The final goal is to provide an universal decoder of any encoding. This project is a part of mrmime, a parser of emails to be able to decode encoded-word (according rfc2047).
If you want to handle a new encoding (like, hmmhmm, APL-ISO-IR-68...), you can
make a new issue - then, the process will be to make a new little library and
integrate it to rosetta
.
rosetta
follows the same design as libraries used underlying. More precisely,
it follows the same API as uutf about encoding. This is a little example
to transform a latin1 flow to UTF-8:
let trans ic oc =
let decoder = Rosetta.decoder (Rosetta.encoding_of_string "latin1") (`Channel ic) in
let encoder = Uutf.encoder `UTF_8 (`Channel oc) in
let rec go () = match Rosetta.decode decoder with
| `Await -> assert false (* XXX(dinosaure): impossible when you use `String of `Channel as source. *)
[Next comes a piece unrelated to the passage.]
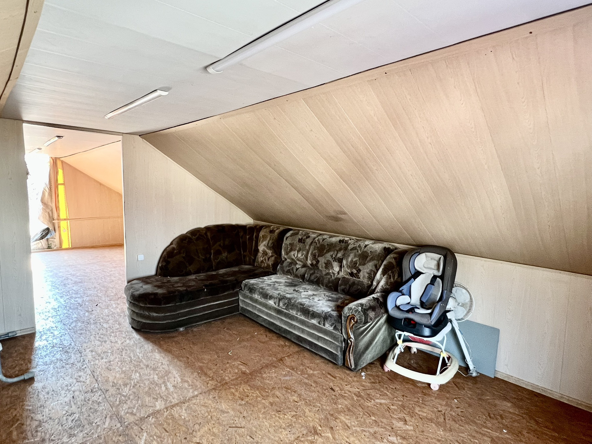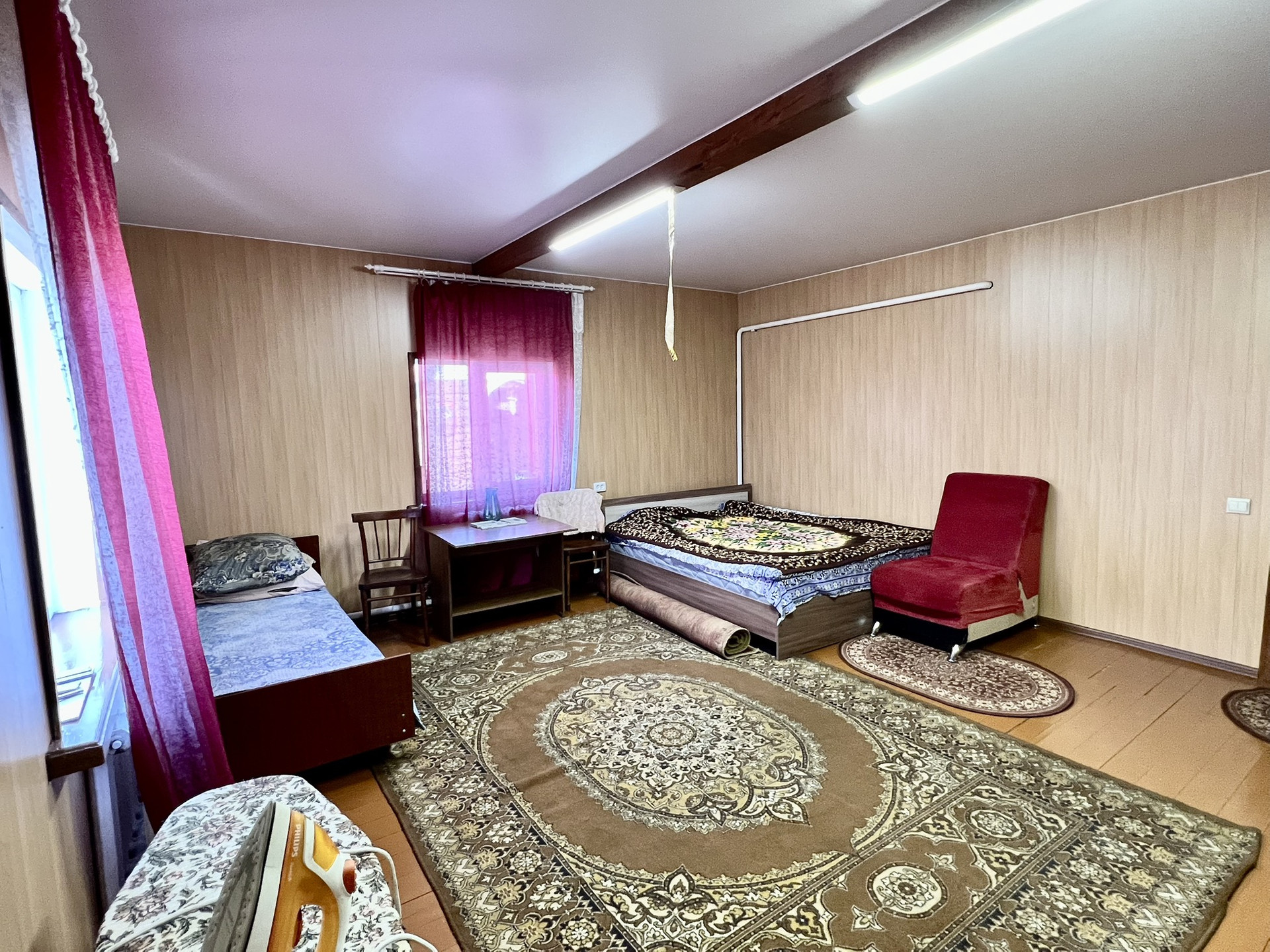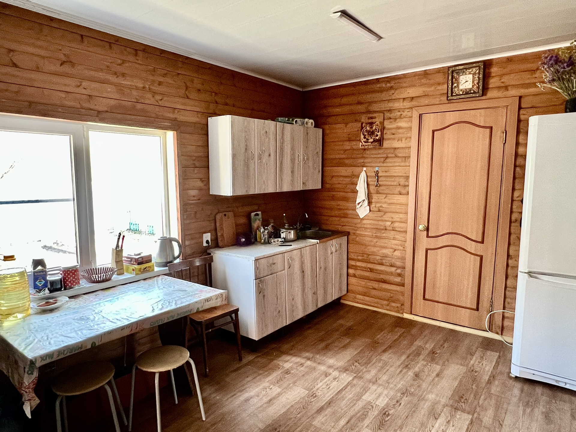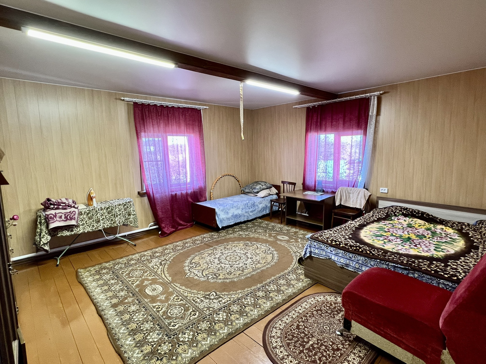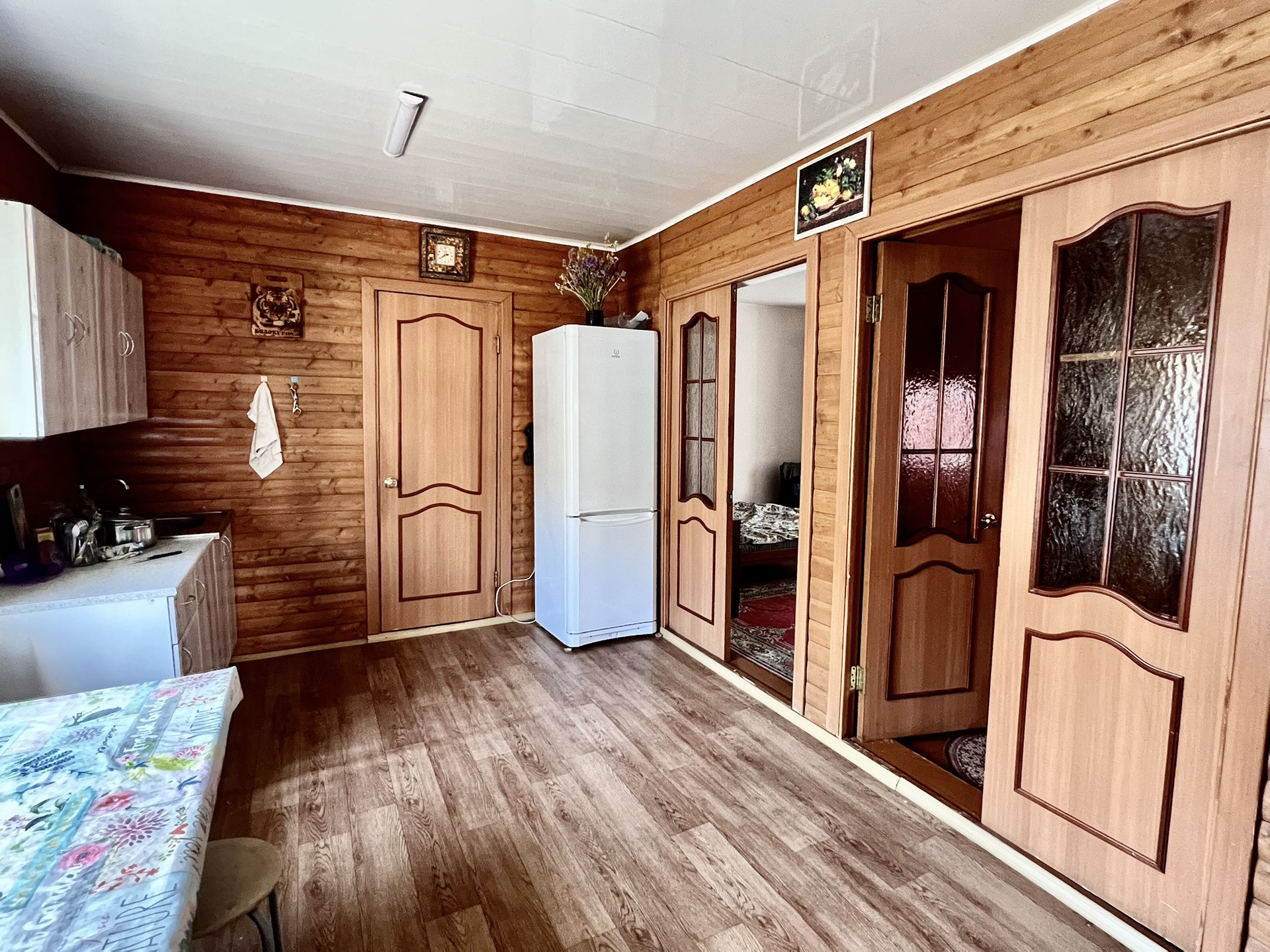 При входе в дом оборудована котельная из кирпича. На первом этаже расположены кухонная зона и 2 комнаты. Также рядом оборудован санузел с ванной и бойлером. Комнаты очень просторные,-25м2 и 17м2. С хорошим ремонтом в спальной зоне и на кухне линолеум на полу, во всех комнатах натяжной потолок. Стены обшиты.

| `Uchar _ as uchar -> ignore @@ Uutf.encode encoder uchar ; go ()
| `End -> ignore @@ Uutf.encoder `End
| `Malformed err -> failwith err in
go ()
let () = trans stdin stdout
rosetta
follows aliases availables into IANA character sets database:
https://www.iana.org/assignments/character-sets.xhtml
Others aliases will raise an exception. This function is case-insensitive.
rosetta
relies on underlying libraries such as uuuu
or coin
. They
integrate translation tables provided by Unicode consortium. They should not be
updated - so we statically save them into an int array
.
rosetta
supports only decoding to Unicode code-point. A support of encoding is
not on our plan where people should only use Unicode now. Deal with many
encodings is a pain and we should only produce something according to Unicode
than old encoding like latin1.